Tuesday, December 2, 2014

NOW YOU SEE HIM, NOW YOU DON'T...

The Vanishing of Ambrose Small

Out all of the people in history who vanished without a trace for no discernible reason at all, there are few who can compare to Ambrose Small. His disappearance on December 2, 1919 was so sensational and mystifying that it made a permanent mark on North American history. The marvelous and controversial showman would have undoubtedly wanted it no other way.


Ambrose Small was born in 1863 and at the age of thirteen went to work in his father’s modest establishment, Toronto’s Warden Hotel. As he grew older, he began managing the hotel bar and booking entertainment for the customers. With these minor musical acts, he realized that show business was to be his life’s work. In addition to working for his father, Small also took a part-time job as an usher at the Grand Theater. He slowly worked up the ranks to assistant manager and then booking manager, arranging florid and spicy melodramas for the venue. These programs met with much success and Small began to prosper. He began to buy interests in small theaters in and around Toronto. His ambition was to own the Grand Opera House, but his offers to buy it were frequently refused. This made him all the more anxious to possess it and he began to work harder than ever to amass the necessary wealth.

Small began to make a name for himself as a daring gambler. He was never afraid to bet huge sums on races and while he always paid off when he lost, he was not above being involved in fixed races either. He managed to win $10,000 in one fixed race and began making enemies in racing circles. He also gained a reputation with women. There were a number of rejected sweethearts and angry husbands who would have loved to see something bad happen to him. The short but handsome Small, with his luxuriant walrus mustache and fancy clothes, was often seen squiring young and beautiful women about town, especially the gorgeous showgirls who worked the local theaters. He left many a hopeful starlet feeling both used and disappointed when he moved on to another attractive lady. 

This is why it must have come as a great surprise when the rakish Small, just before his fortieth birthday, suddenly married the wealthy heiress to a brewing fortune. Whether or not Small loved his new wife, Teresa, or whether he simply loved her money is unknown. However, he did use her wealth to purchase scores of small theaters and to book the biggest-named talent that he could find into them.
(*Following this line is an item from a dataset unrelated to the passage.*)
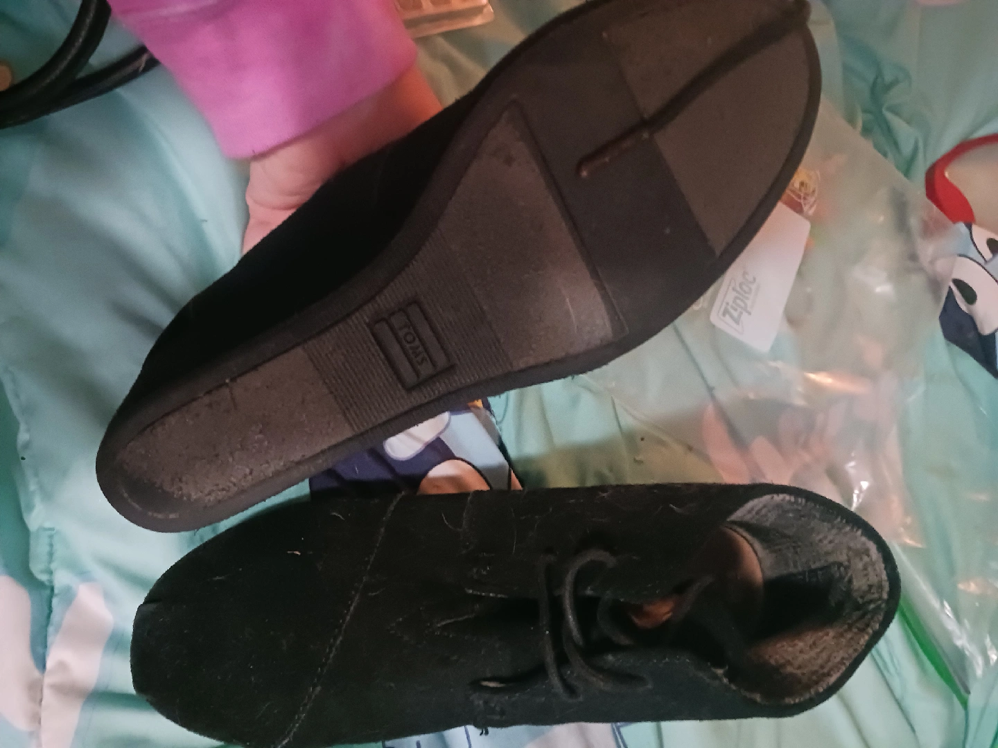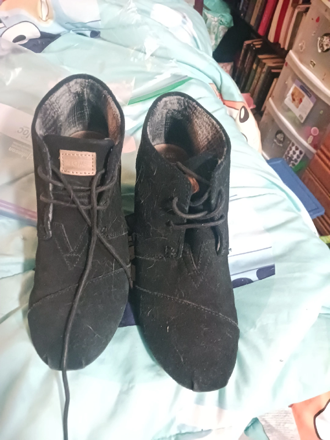 10Selling a pair of TOMS black suede ankle boots in size 9.5. They're in good condition and ready for a new home! These are super comfy and stylish, perfect for fall weather

Small now had his fortune and he finally realized his dream of owning the Grand Opera House. But within a few years, he began to grow tired of his marriage and his secure business life and he began gambling and seeing women again. In order to conduct his affairs discreetly, he ordered that a secret room be constructed to adjoin his office at the opera house. The room was fitted with heavy drapes to muffle sound, a deep Oriental carpet, a well-stocked bar and a gigantic bed with satin sheets and pillows. Many a beautiful young woman was willingly ravished in the clandestine chamber.

As his fortune grew, Small continued to make enemies. He made his prejudices well known to anyone who would listen, even strangers. He disliked children, Catholics and the poor and felt that making donations to charity was foolish. He continued to gamble, growing more and more daring with his wagers, and he began to win huge sums of money. Small was able to keep informed of the races at every track in the United States and he bet on most of them. He became more interested in wagering than in running his theatrical empire, which now included almost every theater in eastern Canada. He spent huge sums of money and treated his employees and business associates with disdain. Small placed much of his business dealings in the hands of his private secretary, John Doughty, who was well aware of his employer’s dark and secret habits. Doughty, though, had secrets of his own.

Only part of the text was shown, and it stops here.